Nicola Naturalists’ spring 2020 virtual outing – No. 2

More interesting spring photos from the members of the Nicola Naturalist Society, based in Merritt, BC.

If you missed the first edition of this virtual outing – click here

More spring arrivals in the Nicola Valley …..

Smallest of all North American birds, the Calliope Hummingbird is one of four hummingbird species that one might see in the Nicola Valley. Photo: ©Anne Pang

Say’s Phoebe – usually the first flycatcher species to arrive in our area in spring. Note the black tail and cinnamon flanks. Photo: ©Paul Willms

A Cassin’s Finch male. These finches arrive in spring and are quite common all summer in the Nicola Valley. Don’t confuse them with the resident House Finches. Photo: ©Paul Willms

A nice close-up of a Cassin’s Finch male. Note how long the beak is in contrast to a resident House Finch. And a much brighter plumage, with a bit of a head crest.
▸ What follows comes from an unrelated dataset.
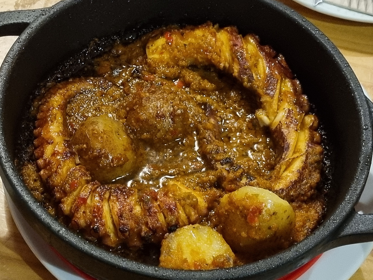 내 생애 그렇게 식감이 부드러운 문어 요리는 처음이었다. 한국에서 문어 요리를 먹을 때면 끝에 남는 질긴 식감 때문에 결국엔 뱉어내야 하는 경우가 종종 있었는데 스페인의 문어는 국적이 달라 그런지 부드럽기가 조금 과장을 보태 마시멜로 같았다.

Photo: ©Vic Newton

Vesper Sparrow – a common sparrow of the open grasslands in our area. Has a lovely complex song. Note the diagnostic cinnamon scapular patch. Photos: ©Bob Scafe

Who, other than Bob Scafe, would submit a great photo of some insulators? Oh … there is an Osprey in the background. Photo: ©Bob Scafe

A pair of Ospreys back from their winter migrations are re-occupying their nest. Photo: ©Anne Pang

A female American Kestrel on an Osprey nest. Kestrels nest in tree cavities so would not be trying to take over this nest. Photo: ©Anne Pang

Beautiful patterns! Common Loons have arrived in our lakes in their fresh breeding plumage. Photo: ©Vic Newton


Spring is a great time to see a big diversity of waterfowl in the Nicola Valley.
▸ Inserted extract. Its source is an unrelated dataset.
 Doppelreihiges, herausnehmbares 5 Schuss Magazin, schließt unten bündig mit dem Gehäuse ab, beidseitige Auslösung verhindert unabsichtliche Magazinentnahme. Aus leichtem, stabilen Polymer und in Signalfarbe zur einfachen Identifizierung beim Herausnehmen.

Why are these ducks called Ring-necked Ducks and not Ring-billed Ducks? No-one knows. This is a male. Photo: ©Vic Newton

Male Northern Pintail. Photo: ©Vic Newton

A pair of Cinnamon Teal – female on the left. Photo: ©Bob Scafe

Buffleheads – female on the left, male on the right. These small ducks nest in cavities (and duck nest boxes). Photos: ©Anne Pang

A pair of Canada Geese have usurped an Osprey nest on a high pole. When the ducklings hatch they will have long drop to reach the ground. Photo: ©Bob Scafe

A nice mix of diving ducks – Canvasbacks at the back and Lesser Scaup in front. Both species breed in the Nicola Valley. Photo: ©Vic Newton

Quiz time! Can you figure out the species of these two male goldeneyes? Note the shape of the white cheek spot and the amount of black and white on the folded wings. Only one of these species breeds in our area but both might be seen here in winter and during spring migration. Keep scrolling down to see the answers.
Photos: ©Vic Newton

A big flock of Coots on Nicola Lake. These birds will disperse to nest in shallow lakes and ponds. Photo: ©Vic Newton.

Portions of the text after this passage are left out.